I contacted my friend Dan and posed my dilemma to him. How could I tell if my ports were locked down on a machine which ran IPv6? A number of sites provided port scanners for IPv4, but nobody had a general purpose scanner for IPv6. Hurricane Electric provided one, but only for devices that were on their network. Dan hacked up a primitive IPv6 open port testing site, which uses NMAP to scan an IPv6 visitor for typically vulnerable ports before issuing a simple report. I was pleased to discover that my computer did not answer on any of those commonly attacked ports.
In this process, I discovered that many modern operating systems with IPv6 enabled also come with a set of reasonable host firewall defaults which do not expose listening ports as much as I had expected based on my experience with IPv4. Many hosts with IPv6 enabled by default also come with some very sensible settings to prevent network-launched crimes of opportunity from malicious users.
IPv6 also provides a natural defense against classic portscanning attacks, where an attacker probes for commonly vulnerable ports of every IP address on a subnet. For densely packed IPv4 service provider networks with one IP address assigned per typical user, a few thousand probes across a known DSL or cable subnet can yield a rich collection of potential targets. Since the address space of IPv6 is so much larger and sparsely populated than IPv4, blind portscanning of subnets becomes impractical since a typical IPv6 subnet contains quintillions of addresses hosting a relatively small number of end devices.

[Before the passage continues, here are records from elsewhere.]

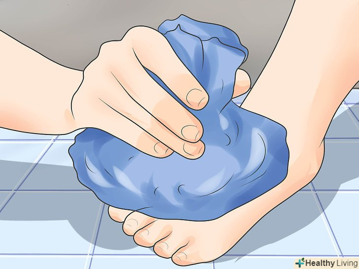 Прикладіть лід, щоб знизити набряк.посуньте одяг з місця можливого перелому і прикладіть до нього лід, щоб зменшити набряк. Таким чином ви зменшите біль і полегшите подальші дії лікаря. Не прикладайте лід безпосередньо до шкіри. Загорніть пакетик з льодом в рушник або іншу тканину.[22]- Замість льоду можна використовувати що-небудь холодне, наприклад пакет заморожених овочів або фруктів з морозилки.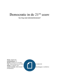 Dit is het eindwerkstuk van het OZP staatsrecht van 2015. Het onderwerp is internetdemocratie. Bijzondere aandacht wordt besteed aan stemmen via internet en de problemen die dat kan opleveren (stemgeheim en stemvrijheid). Dit probleem wordt in rechtsvergelijkend perspectief geplaatst. Voor meer concrete informatie kun je een berichtje sturen.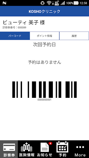 バーコードをかざすだけで受付出来るチェックイン機能、次回ご予約日時表示など、カードレスな診察券としてご活用頂けます。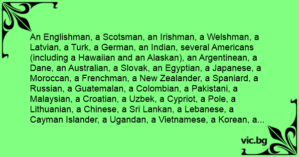 An Englishman, a Scotsman, an Irishman, a Welshman, a Latvian, a Turk, a German, an Indian, several Americans (including a Hawaiian and an Alaskan), an Argentinean, a Dane, an Australian, a Slovak, an Egyptian, a Japanese, a Moroccan, a Frenchman, a New Zealander, a Spaniard, a Russian, a Guatemalan, a Colombian, a Pakistani, a Malaysian, a Croatian, a Uzbek, a Cypriot, a Pole, a Lithuanian, a Chinese, a Sri Lankan, a Lebanese, a Cayman Islander, a Ugandan, a Vietnamese, a Korean, a Uruguayan, a Czech, an Icelander, a Mexican, a Finn, a Honduran, a Panamanian, an Andorran, an Israeli, a Venezuelan, an Iranian, a Fijian, a Peruvian, an Estonian, a Syrian, a Brazilian, a Portuguese, a Liechtensteiner, a Mongolian, a Hungarian, a Canadian, a Moldovan, a Haitian, a Norfolk Islander, a Macedonian, a Bolivian, a Cook Islander, a Tajikistani, a Samoan, an Armenian, an Aruban, an Albanian, a Greenlander, a Micronesian, a Virgin Islander, a Georgian, a Bahaman, a Belarusian, a Cuban, a Tongan, a Cambodian, a Qatari, an Azerbaijani, a Romanian, a Chilean, a Jamaican, a Filipino, a Ukrainian, a Dutchman, a Ecuadorian, a Costa Rican, a Swede, a Bulgarian, a Serb, a Swiss, a Greek, a Belgian, a Singaporean, an Italian, a Norwegian and 2 Africans...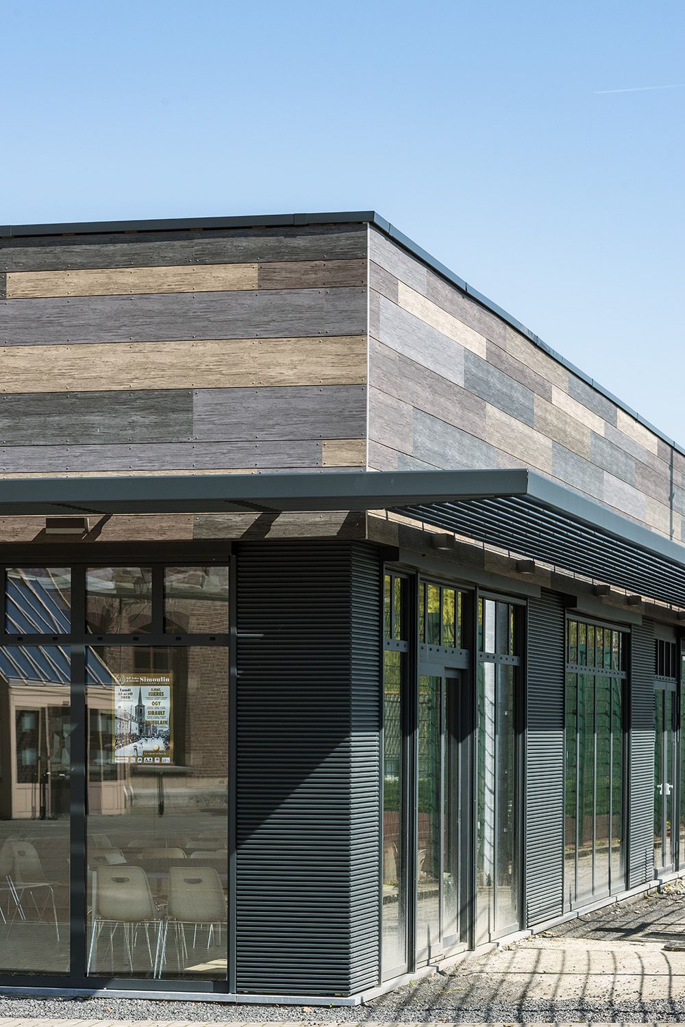 C’est cette hétérogénéité qui a incité l’architecte à choisir les panneaux de bardage Rockpanel® Woods imitation bois pour les façades, afin de mieux intégrer le nouveau bâtiment dans son environnement direct. « Le bardage rappelle une certaine ruralité par son aspect bois et sa volumétrie très simple », continue Michel Meyrant.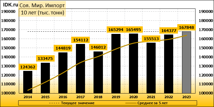 Импорт: составит 167848 тысяч тонн. Значение по прошествии месяца упало на -0.3 процента.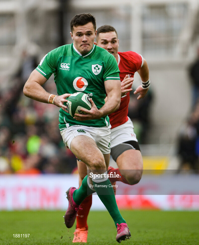 8 February 2020; Jacob Stockdale of Ireland and George North of Wales during the Guinness Six Nations Rugby Championship match between Ireland and Wales at the Aviva Stadium in Dublin. Photo by Ramsey Cardy/Sportsfile
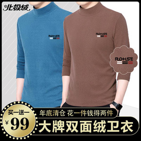 秋冬德绒半高领打底衫卫衣双面绒中青年男士长袖T恤保...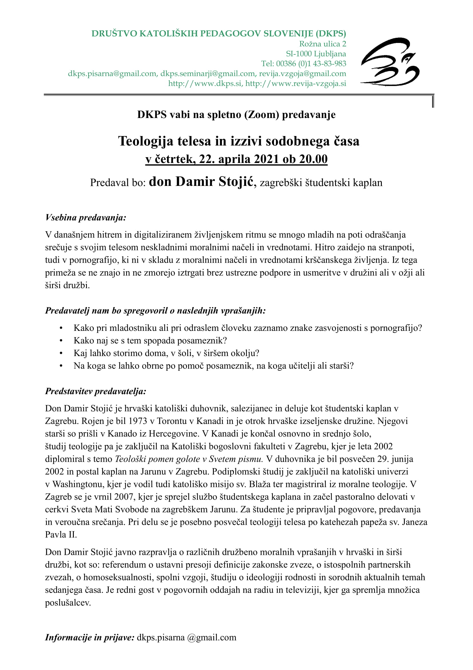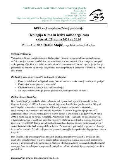 Vabljeni na spletno predavanje Teologija telesa in izzivi sodobnega časa (Damir Stojić), v četrtek ob 20.00 preko Zooma! Prijave na: dkps.pisarna@gmail.com
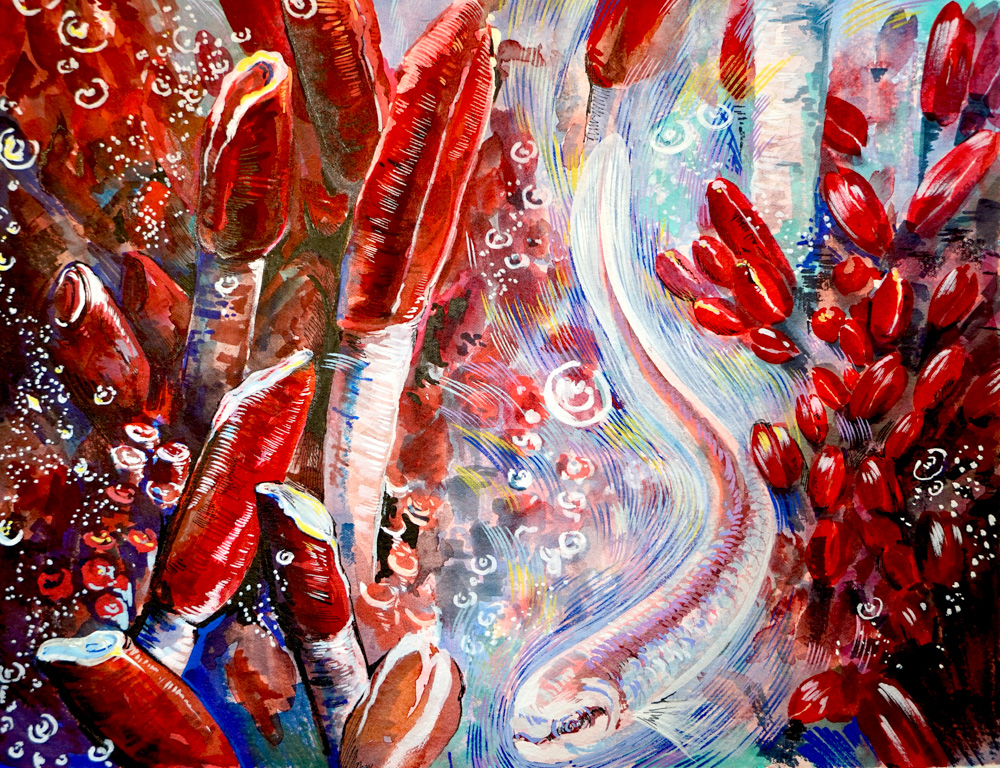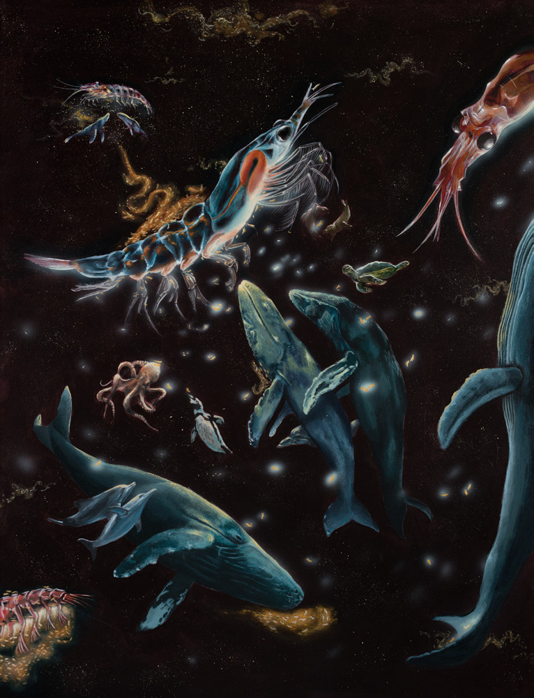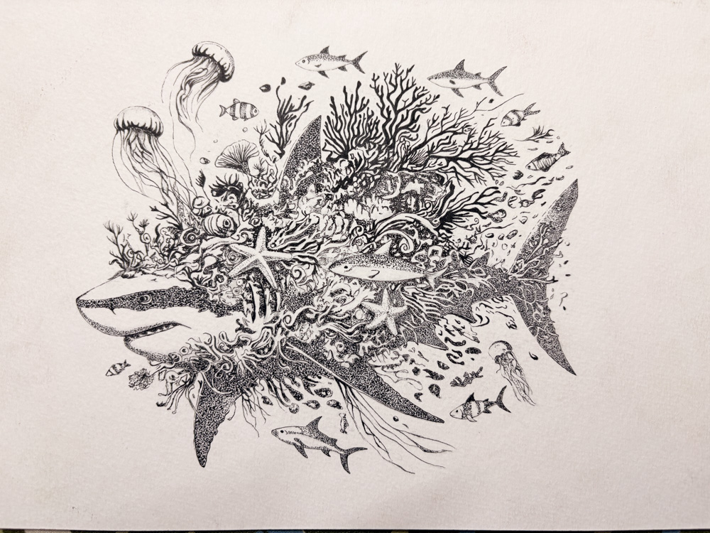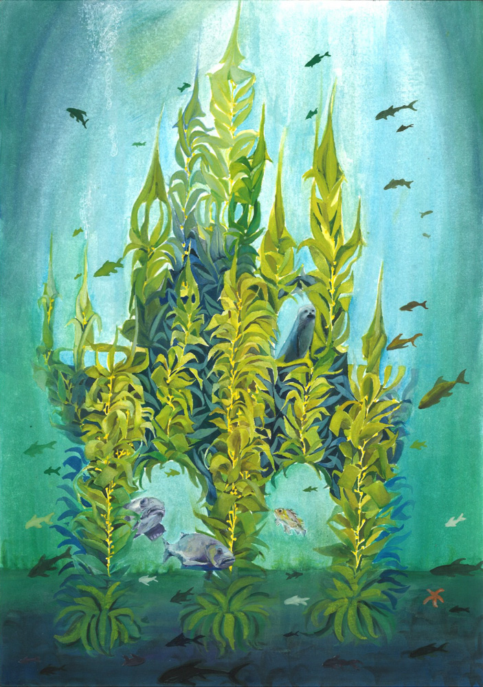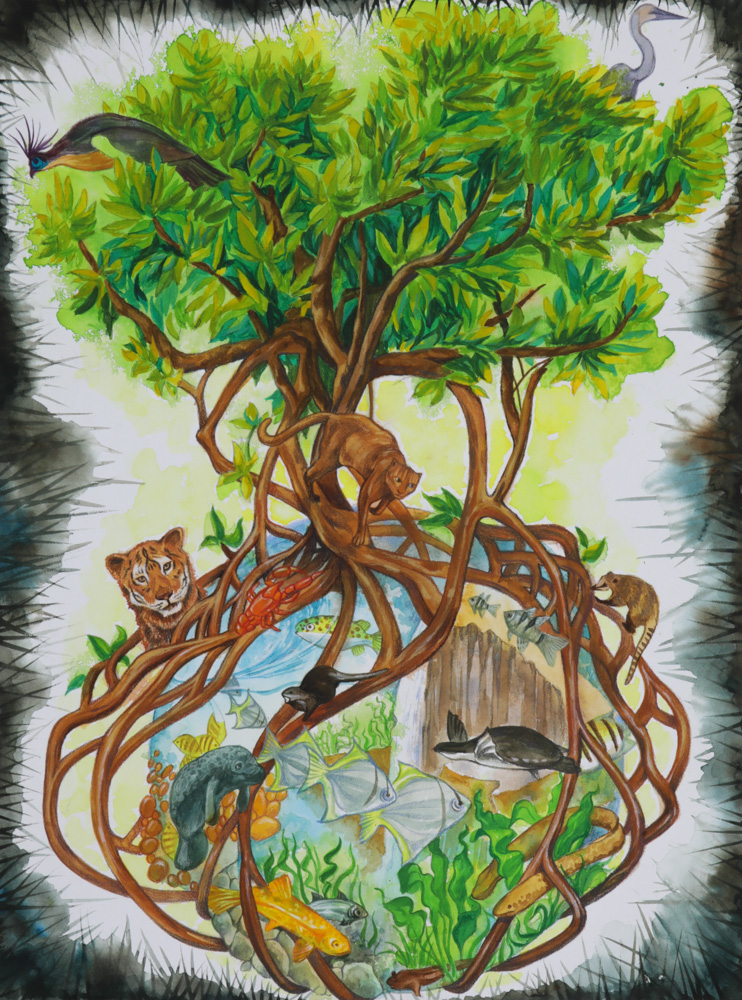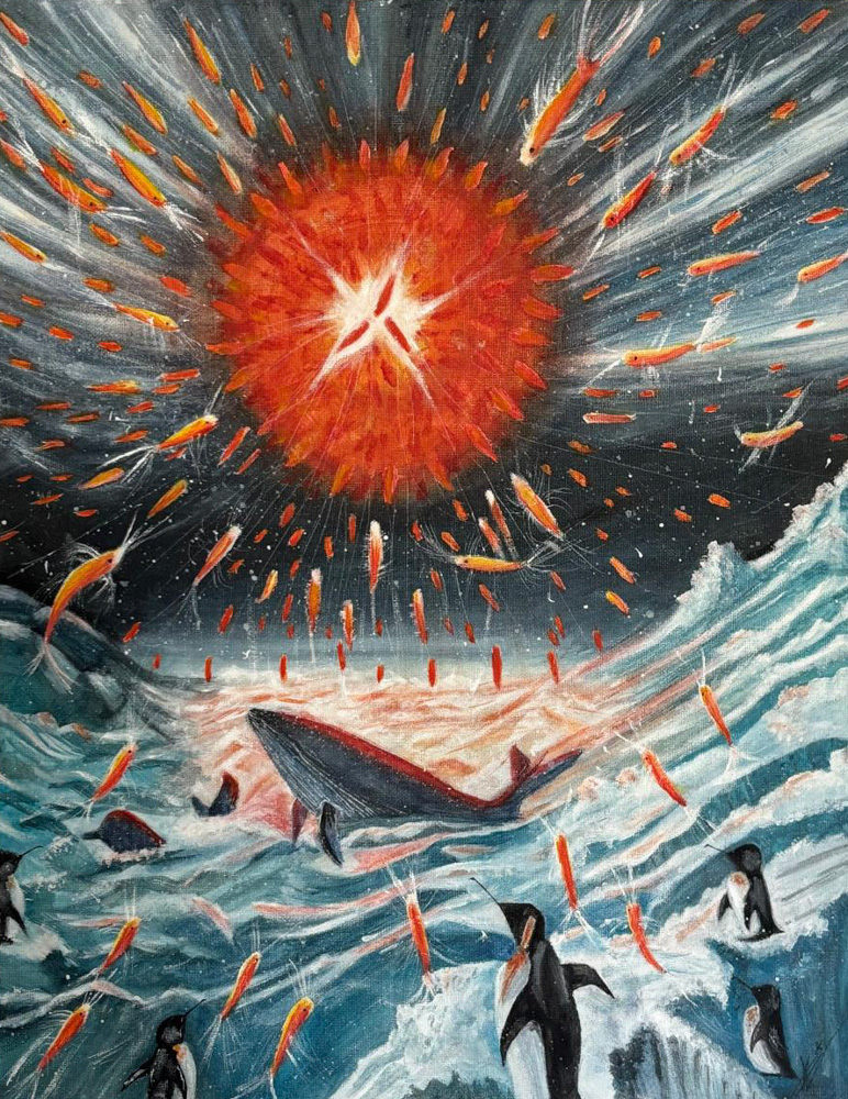 With over 600 entries in this category, selecting the semi-finalists was no easy feat. Our judges carefully reviewed each piece before selecting 34 outstanding artworks from students representing 9 different countries. These young artists illustrated a remarkable variety of marine keystone species, including orcas, hydrothermal vent tube worms, sharks, krill, walrus, and giant clams. Their use of different artistic styles, techniques, and media brought these species to life.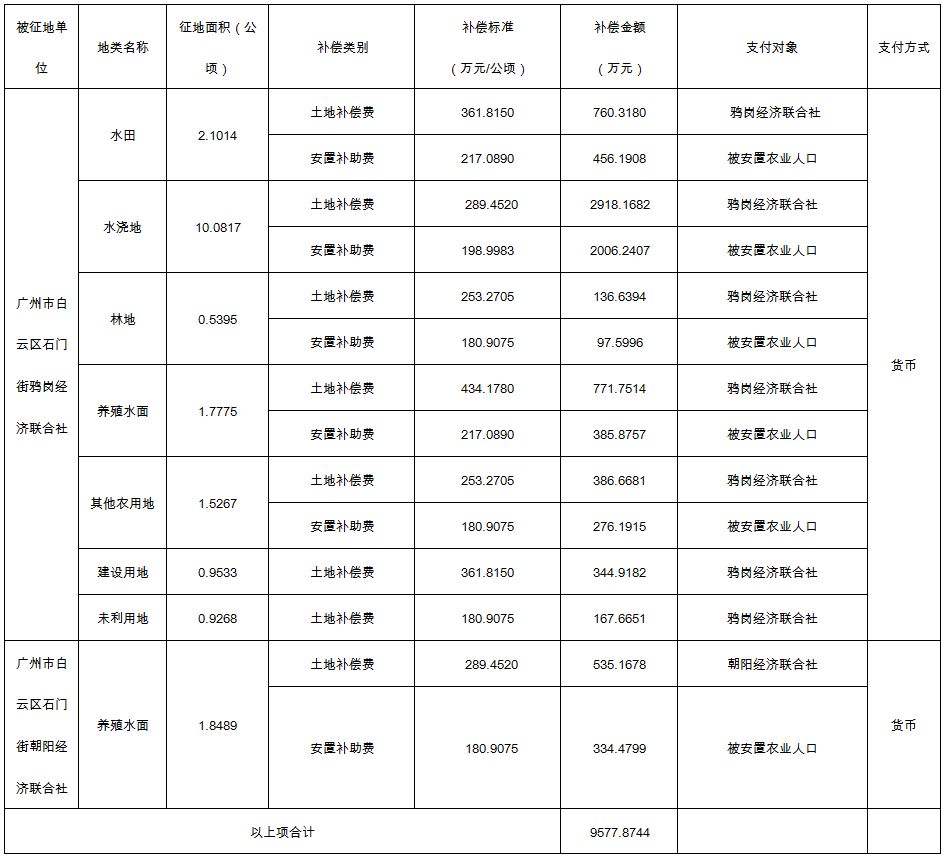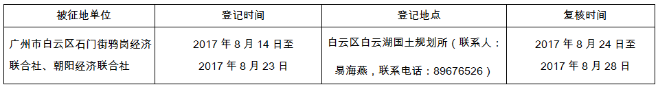 (二)本次征收土地所涉及的被安置农业人员由广州市白云区石门街鸦岗经济联合社、朝阳经济联合社以货币补偿的形式安置。请被征地村在本公告期内到广州市白云区国土资源和规划局领取办理安置农业人口征地农转非手续的函件。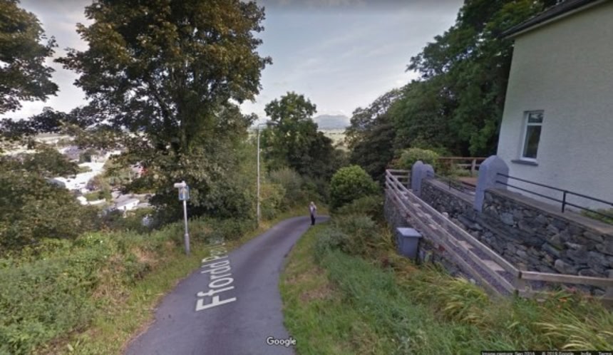 グーグル・ストリートビューでフォルズ・ペン・スレフ全体を見てみると、狭く曲がりくねっていて両側には深い草木が茂り山道感が強い。ストリート(通り)という雰囲気ではないのだ。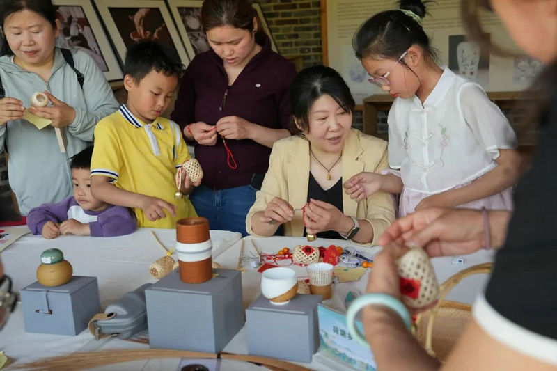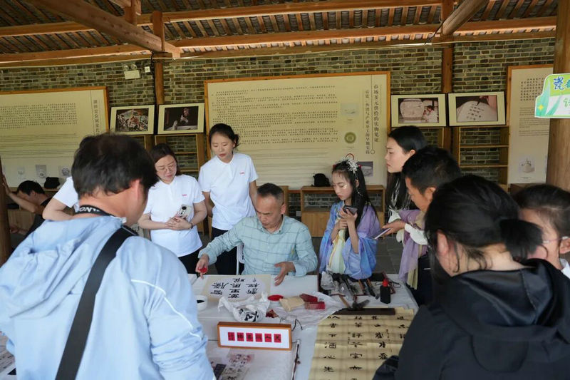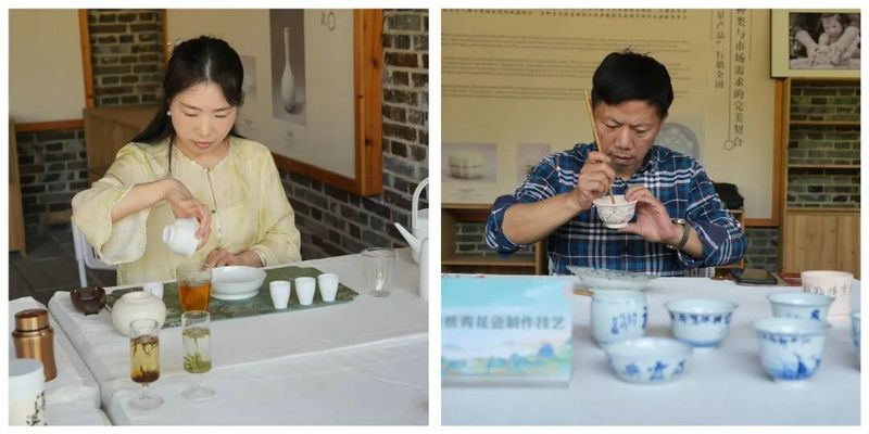 与此同时,现场还特设非遗展演与教学互动体验区,六大非遗项目集中亮相,并特别邀请省、市级非遗代表性传承人亲临演绎与指导,让市民游客得以近距离触摸传统技艺的温度:青花瓷绘制的神来之笔、雕塑瓷泥塑技法的巧夺天工、剪纸艺术的精妙绝伦、传统书法展示与谷雨诗词的现场书写、荷塘乡手工竹编的匠心独运、浮梁工夫红茶制作技艺的醇香四溢。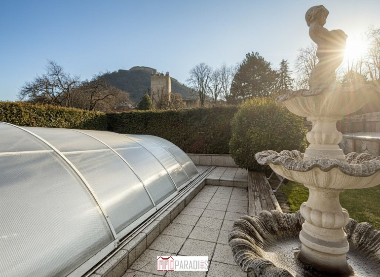 Ob beim Frühstück im Wintergarten, beim Entspannen auf der Terrasse oder beim Schwimmen im Pool: dieser Ausblick ist allgegenwärtig und macht die Liegenschaft zu etwas ganz Besonderem.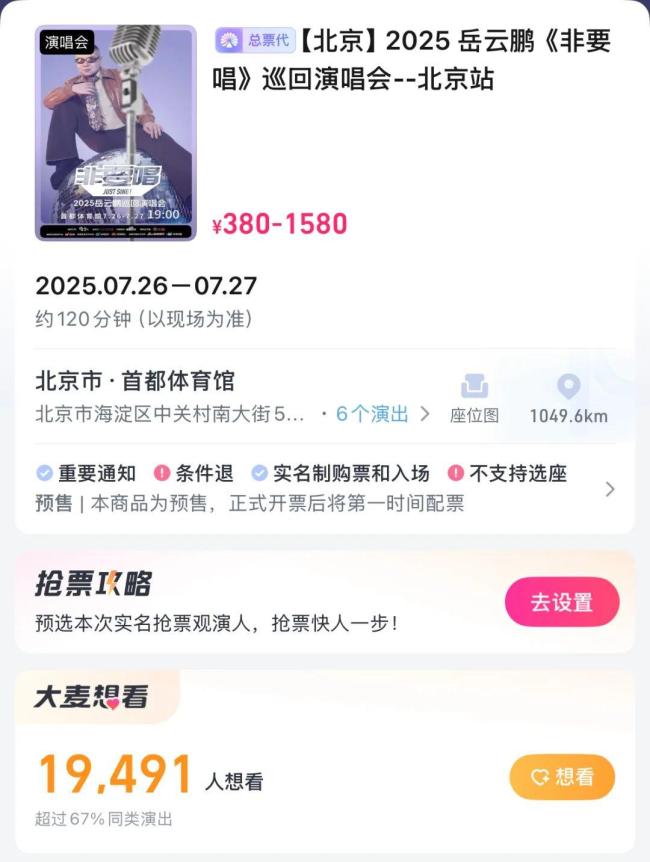 近日,岳云鹏宣布将举办个人巡回演唱会,定名为“非要唱”。首站北京站门票于6月12日10点18分开抢,最高票价为1580元,目前已有近2万人表示感兴趣。

From my home network, I can successfully ping or traceroute to some IPv6 hosts, but I cannot subsequently open a web page or use other applications with it. How can this be? Maximum Transmission Unit (MTU) gotchas…
There is a subtle difference between IPv4 and IPv6 fragmentation strategies. IPv4 routers fragment traffic in the network when needed and then the receiving host reassembles those fragments. This generally works well, but there are a number of potential issues. Because of these issues, the IETF developed means for higher layer protocols such as TCP to determine the smallest MTU on a path and send appropriately sized datagrams in order to avoid fragmentation. The IPv6 designers presumed the presence of this Path MTU Discovery so that in IPv6, fragmentation no longer happens in the network but only at the hosts – and then only in special cases in that absolutely require it.